> _Problem_: A single stretch of the material below is to be transcribed exactly, starting at the line with "Die Apartments im" and ending after the line with "双方代表人员现场清点确认完毕".

> _Records for the task_:
######

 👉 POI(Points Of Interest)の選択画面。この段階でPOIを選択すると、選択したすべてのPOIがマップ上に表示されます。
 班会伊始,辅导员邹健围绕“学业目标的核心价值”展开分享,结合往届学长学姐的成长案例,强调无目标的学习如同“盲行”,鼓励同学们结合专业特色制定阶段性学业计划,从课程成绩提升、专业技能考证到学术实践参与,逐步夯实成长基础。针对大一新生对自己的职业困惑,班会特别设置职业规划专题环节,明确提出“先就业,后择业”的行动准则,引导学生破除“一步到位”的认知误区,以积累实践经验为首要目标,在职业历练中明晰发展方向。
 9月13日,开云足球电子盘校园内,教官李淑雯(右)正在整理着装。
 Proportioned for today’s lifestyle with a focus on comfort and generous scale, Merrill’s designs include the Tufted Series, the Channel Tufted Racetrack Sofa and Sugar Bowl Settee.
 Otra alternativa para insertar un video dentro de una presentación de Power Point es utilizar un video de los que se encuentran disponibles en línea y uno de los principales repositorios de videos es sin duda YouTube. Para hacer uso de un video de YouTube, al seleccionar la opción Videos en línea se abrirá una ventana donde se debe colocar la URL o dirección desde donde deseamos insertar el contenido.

######

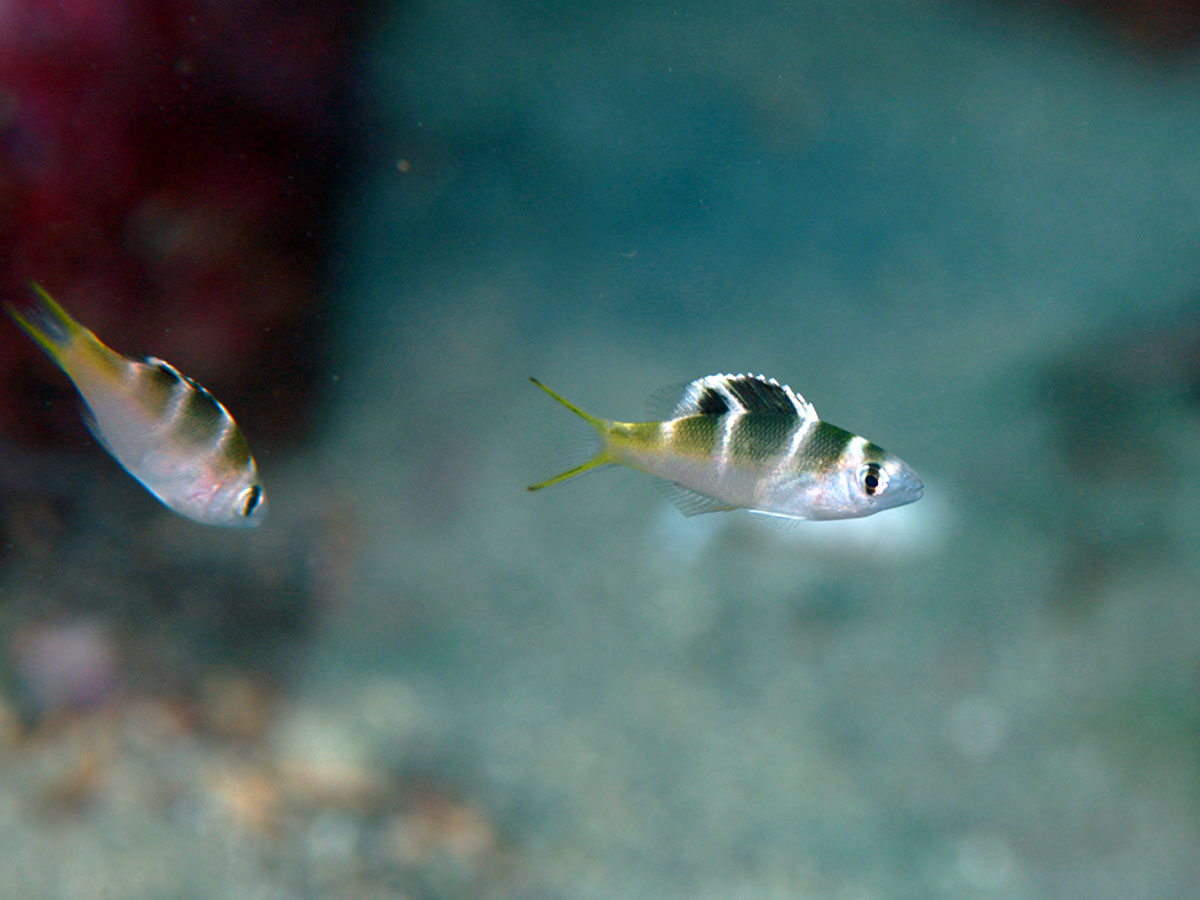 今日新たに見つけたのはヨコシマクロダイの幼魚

######

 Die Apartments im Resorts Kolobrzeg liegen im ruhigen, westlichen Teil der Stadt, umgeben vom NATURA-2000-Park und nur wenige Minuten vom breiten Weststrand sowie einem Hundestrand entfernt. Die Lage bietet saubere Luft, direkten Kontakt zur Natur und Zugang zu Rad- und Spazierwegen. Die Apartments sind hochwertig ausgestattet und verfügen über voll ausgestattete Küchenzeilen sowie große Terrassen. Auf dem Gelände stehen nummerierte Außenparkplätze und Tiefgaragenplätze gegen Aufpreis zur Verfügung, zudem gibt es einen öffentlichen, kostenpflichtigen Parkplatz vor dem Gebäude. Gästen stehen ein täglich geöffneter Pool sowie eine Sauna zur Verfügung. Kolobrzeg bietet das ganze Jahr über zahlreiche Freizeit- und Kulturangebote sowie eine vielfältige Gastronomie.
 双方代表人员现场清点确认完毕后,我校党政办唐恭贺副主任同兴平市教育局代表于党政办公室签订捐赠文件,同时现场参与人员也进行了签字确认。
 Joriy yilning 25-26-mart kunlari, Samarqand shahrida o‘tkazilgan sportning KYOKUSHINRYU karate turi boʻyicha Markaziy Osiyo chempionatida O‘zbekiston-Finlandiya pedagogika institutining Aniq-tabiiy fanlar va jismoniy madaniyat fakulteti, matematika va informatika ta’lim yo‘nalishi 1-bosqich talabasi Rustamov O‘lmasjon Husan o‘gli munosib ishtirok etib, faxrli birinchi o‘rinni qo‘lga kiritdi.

######

> _Reply_:
 Die Apartments im Resorts Kolobrzeg liegen im ruhigen, westlichen Teil der Stadt, umgeben vom NATURA-2000-Park und nur wenige Minuten vom breiten Weststrand sowie einem Hundestrand entfernt. Die Lage bietet saubere Luft, direkten Kontakt zur Natur und Zugang zu Rad- und Spazierwegen. Die Apartments sind hochwertig ausgestattet und verfügen über voll ausgestattete Küchenzeilen sowie große Terrassen. Auf dem Gelände stehen nummerierte Außenparkplätze und Tiefgaragenplätze gegen Aufpreis zur Verfügung, zudem gibt es einen öffentlichen, kostenpflichtigen Parkplatz vor dem Gebäude. Gästen stehen ein täglich geöffneter Pool sowie eine Sauna zur Verfügung. Kolobrzeg bietet das ganze Jahr über zahlreiche Freizeit- und Kulturangebote sowie eine vielfältige Gastronomie.
 双方代表人员现场清点确认完毕后,我校党政办唐恭贺副主任同兴平市教育局代表于党政办公室签订捐赠文件,同时现场参与人员也进行了签字确认。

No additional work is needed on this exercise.